I've integrated SimpleSAMLphp with my application, however it only works on a production environment as there is no connection to the IdP servers elsewhere. How can I continue working on the development environment on things that require authentication?

I've written a wrapper class that exposes the necessary methods to the SimpleSAML_Auth_Simple class. The relevant code is as follows:

Pages requiring authentication

<?php

// (assume autoloading)
$saml = new SAMLWrapper('name-of-sp');
$saml->requireAuthentication('https://[::1]/app/saml-controller.php?callback=1');
$userAttributes = $saml->getAttributes();

// rest of application code below...

Wrapper class

class SAMLWrapper extends IAuthentication
{
    private $as;

    public function __construct($sp) {
        require_once('/var/simplesamlphp/lib/_autoload.php');
        // THIS PATH DOES NOT EXIST ON DEV

        $this->as = new \SimpleSAML_Auth_Simple($sp);
    }

    public function requireAuthentication($callback) {
        $this->as->requireAuth(array('ReturnTo' => $callback));
    }

    public function getAttributes() {
        return $this->as->getAttributes();
    }
}

Dummy wrapper class

I've considered writing a dummy wrapper like this:

class DummySAML extends IAuthentication
{
    private $attrs;

    public function __construct(array $attrs) {
        $this->attrs = $attrs;
    }

    public function requireAuthentication() {
        return;
    }

    public function getAttributes() {
        return $this->attrs;
    }
}

However this means I have to switch between the SAMLWrapper and DummySAML class on all the pages requiring authentication:

if (getenv('SLIM_MODE') === 'DEV') {
    // instantiate DummySAML with test attributes
} else {
    // instantiate SAMLWrapper with service provider name
}

Is there an easier and better way of doing this?


Solution

  • One option would be to move the env-based switching inside a single wrapper class. One immediately obvious downside is that your test attributes would need to either be hard-coded inside the class, or always passed to the constructor even in production. Otherwise you wouldn't be able to support both scenarios with a single constructor.

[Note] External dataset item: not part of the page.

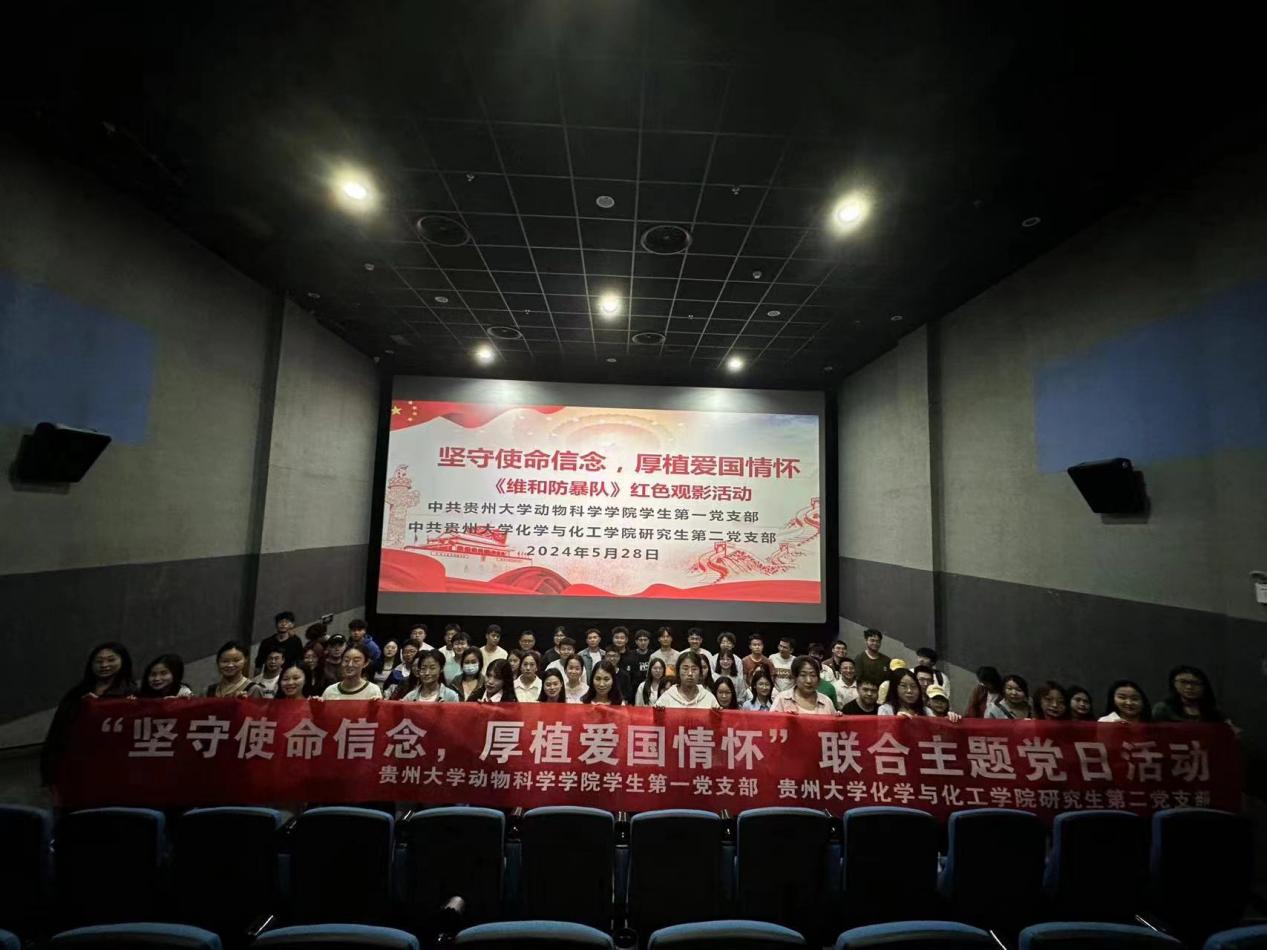 为深入学习贯彻习近平新时代中国特色社会主义思想和党的二十大精神,弘扬党的优良传统和作风,引导党员感悟初心使命、厚植家国情怀。5月28日,动物科学学院学生第一党支部与化学与化工学院研究生第二党支部联合开展红色观影主题党日活动,组织全体党员同志观看爱国影片《维和防暴队》。

    In my own apps, I would probably obtain the authentication wrapper from a dependency injection container, registering a factory that checks the environment and returns an instance of the appropriate class (real or dummy). If you're not already using DI, migrating could be a real pain, but you could always create a one-off static factory that handles the instantiation of the appropriate wrapper to reduce the amount of boilerplate at the top of each file.